As will be understood by one of ordinary skill in the art, each embodiment disclosed herein can comprise, consist essentially of or consist of its particular stated element, step, ingredient or component. Thus, the terms “include” or “including” should be interpreted to recite: “comprise, consist of, or consist essentially of.” The transition term “comprise” or “comprises” means includes, but is not limited to, and allows for the inclusion of unspecified elements, steps, ingredients, or components, even in major amounts. The transitional phrase “consisting of” excludes any element, step, ingredient or component not specified. The transition phrase “consisting essentially of” limits the scope of the embodiment to the specified elements, steps, ingredients or components and to those that do not materially affect the embodiment. A material effect, in this context, is an alteration in the correlation between the presence, absence, or abundance of a microbe with a selected biological condition, or an alteration in a microbiome in a subject.
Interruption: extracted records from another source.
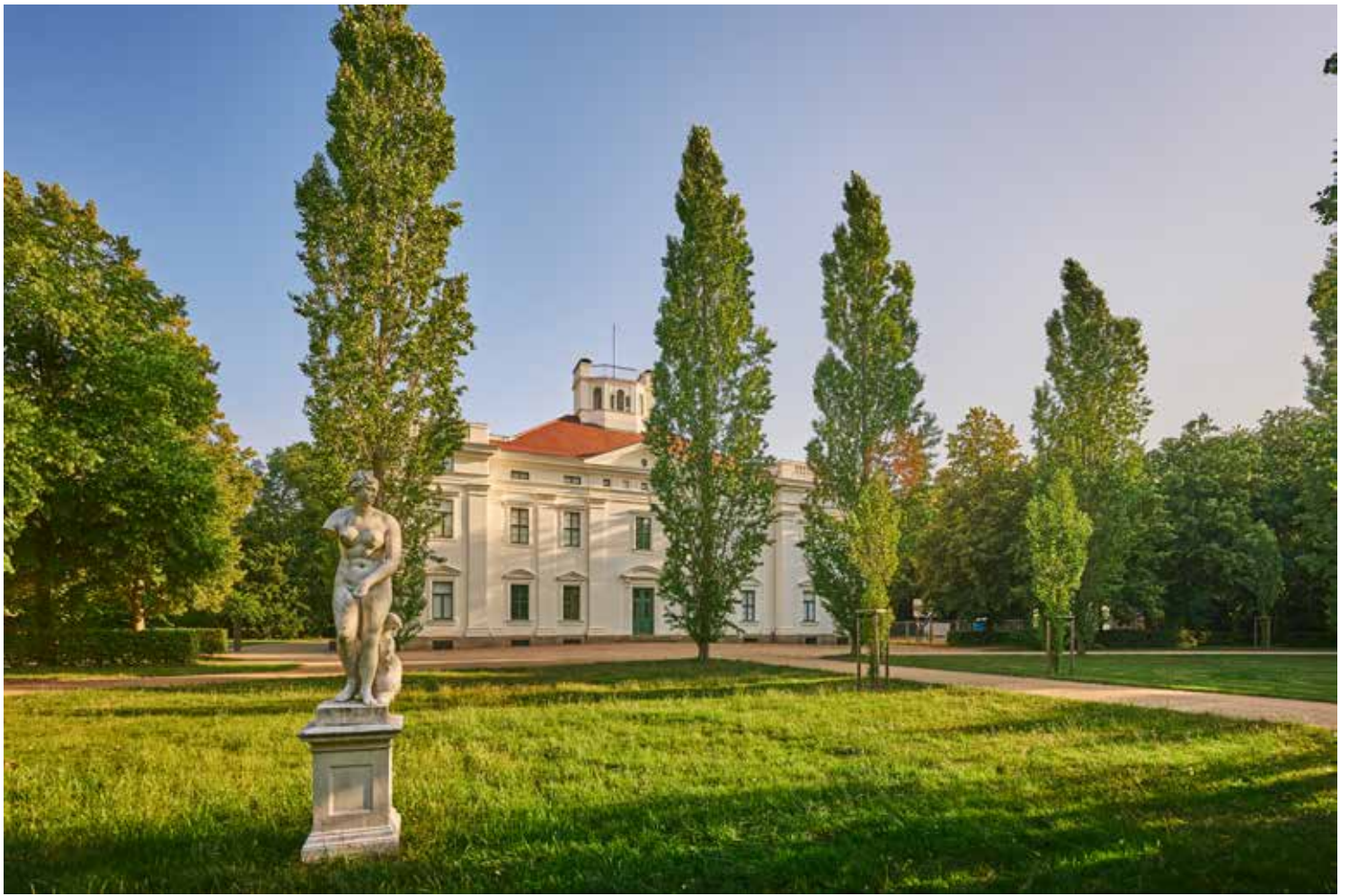
Schloss Georgium, Sitz der Anhaltischen Gemäldegalerie Dessau
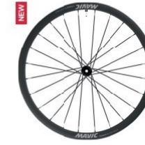
COSMIC SL 32 Disc 1475g 1 499 €
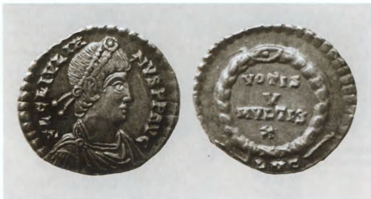
Монета императора Юлиана, отчеканенная в Галлии. Лицевая и оборотная стороны

Unless otherwise indicated, all numbers expressing quantities of ingredients, properties such as molecular weight, reaction conditions, and so forth used in the specification and claims are to be understood as being modified in all instances by the term “about.” Accordingly, unless indicated to the contrary, the numerical parameters set forth in the specification and attached claims are approximations that may vary depending upon the desired properties sought to be obtained by the present invention. At the very least, and not as an attempt to limit the application of the doctrine of equivalents to the scope of the claims, each numerical parameter should at least be construed in light of the number of reported significant digits and by applying ordinary rounding techniques. When further clarity is required, the term “about” has the meaning reasonably ascribed to it by a person skilled in the art when used in conjunction with a stated numerical value or range, i.e. denoting somewhat more or somewhat less than the stated value or range, to within a range of ±20% of the stated value; ±19% of the stated value; ±18% of the stated value; ±17% of the stated value; ±16% of the stated value; ±15% of the stated value; ±14% of the stated value; ±13% of the stated value; ±12% of the stated value; ±11% of the stated value; ±10% of the stated value; ±9% of the stated value; ±8% of the stated value; ±7% of the stated value; ±6% of the stated value; ±5% of the stated value; ±4% of the stated value; ±3% of the stated value; ±2% of the stated value; or ±1% of the stated value.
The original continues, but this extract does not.